Sanitize databases

When working on a new feature on your website, you want to use a new branch. Using a new branch makes sure that you don’t risk breaking your live, production website.

Creating a branch on Platform.sh copies both the code and the database to that new development branch. These code and database changes need to be tested before being merged into production. Depending on your processes, internal or external teams may interact with the development environment branch.

Databases of live websites often contain personally identifiable information (PII) such as full names, mailing addresses, and phone numbers. To ensure people reviewing the code changes can’t access information they shouldn’t, sanitize the database of any PII that it may contain.

Before you begin 

You need:

This guide is about sanitizing MySQL databases.

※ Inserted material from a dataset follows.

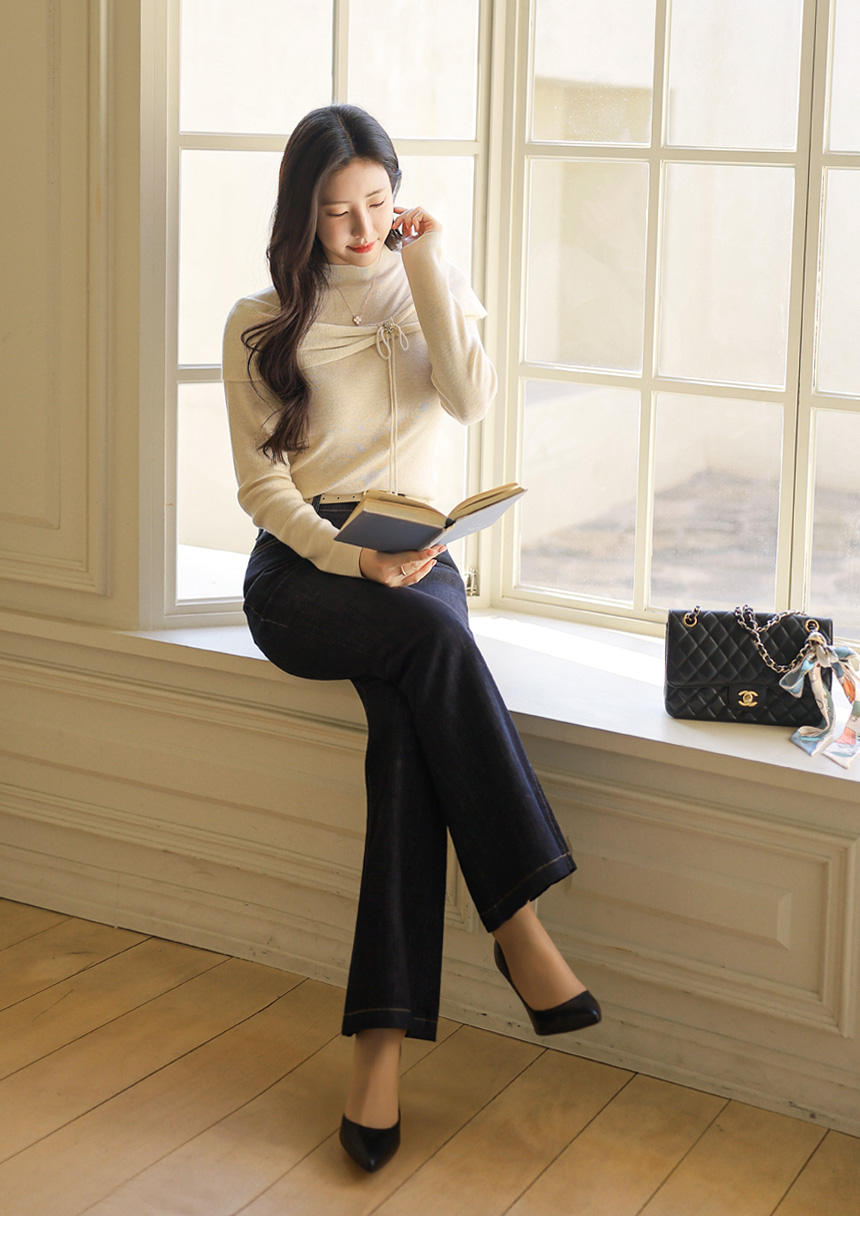 과하지 않은 부츠컷 라인으로 무릎 아래부터 자연스럽게 퍼지며

This guide doesn’t address:

  • Sanitizing NoSQL Databases (such as MongoDB)
  • Input validation and input sanitization, which both help prevent security vulnerabilities

Sanitize the database 

Make sure that you only sanitize development environments and never the production environment. Otherwise you may lose most or even all of the relevant data stored in your database.

First, take a database dump of your development environment. You won’t alter your production data. This is just a safety precaution. To get a database dump, run: platform db:dump -e <DEVELOPMENT_ENVIRONMENT_NAME>.

Assumptions:

  • users is the table where all of your PII is stored in the staging development database.
  • staging is an exact copy of your production database.
  1. Connect to the staging database by running platform sql -e staging.

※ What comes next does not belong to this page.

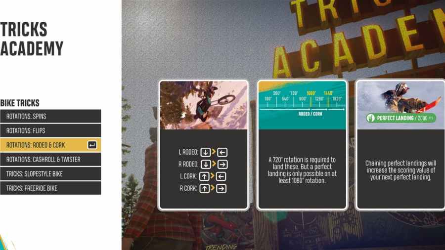 The Rodeo and Cork on your bike are not the simplest of tricks, as they require quite a lot of body rotation. You won't get as many points if you land wrong or bail out and land badly. The training section for this in the academy has you perform each trick twice and then requires you to do them perfectly three times.

  2. Display all fields from your users table, to select which ones need to be redacted. Run the following MySQL query:

    MariaDB [main]> SELECT * FROM users;

    You see output like the following:

    +----+------------+---------------+---------------------------+---------------+
    | ID | first_name | last_name     | user_email                | display_name  |
    +----+------------+---------------+---------------------------+---------------+
    |  1 | admin      | admin         | admin@yourcompany.com     | admin         |
    |  2 | john       | doe           | john.doe@gmail.com        | john          |
    |  3 | jane       | doe           | janedoe@ymail.com         | jane          |
    +----+------------+---------------+---------------------------+---------------+
    3 rows in set (0.00 sec)
  3. Change the fields where PII is contained with the UPDATE statement. For example, to change the first name of users with an email address not in your company’s domain, run the following query:

    UPDATE users
    SET first_name='redacted'
    WHERE email NOT LIKE '%@yourcompany%'

    Adapt and run that query for all fields that you need to sanitize. If you modify fields that you shouldn’t alter, you can restore them from the dump you took in step 1.

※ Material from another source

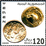 50-, 60-, 70-, 80-, 100-, and 120-rial postage stamps depict ancient coins.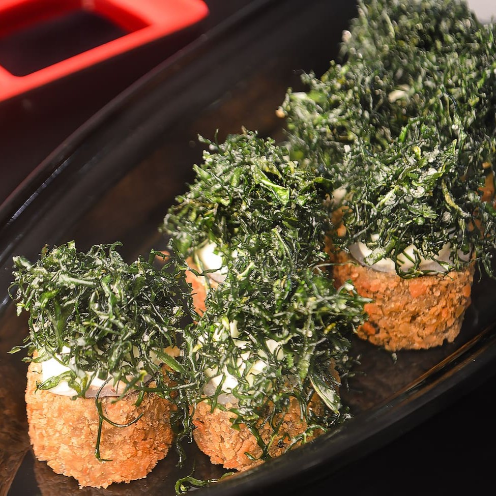 Camarão empanado, shimeji, cebolinha, cream cheese, arroz e nori.

    You can create a script to automate the sanitization process to be run automatically on each new deployment. Once you have a working script, add your script to sanitize the database to a deploy hook:

    deploy: |
        cd /app/public
        if [ "$PLATFORM_ENVIRONMENT_TYPE" = production ]; then
            # Do whatever you want on the production site.
        else
            # The sanitization of the database should happen here (since it's non-production)
            sanitize_the_database.sh
        fi    
  1. To sanitize your database and get rid of sensitive, live information, use the drush sql:sanitize command. Add your script to sanitize the database to a deploy hook for non-production environments:
deploy: |
    cd /app/public
    if [ "$PLATFORM_ENVIRONMENT_TYPE" = production ]; then
        # Do whatever you want on the production site.
    else
        drush -y sql:sanitize
    fi
    drush -y updatedb    

More options are available. These are described in Drush’s documentation.

What’s next 

You learned how to remove sensitive data from a database.

To replace sensitive data that with other meaningful data, you can add a faker to the process. A faker is a program that generates fake data that looks real. Having meaningful PII-free data allows you to keep your current Q&A, external reviews, and other processes. To add a faker, adapt your sanitizing queries to replace each value that contains PII with a new value generated by the faker.

You might also want to make sure that you implement input validation.

If your database contains a lot of data, consider using the OPTIMIZE TABLE statement to reduce its size and help improve performance.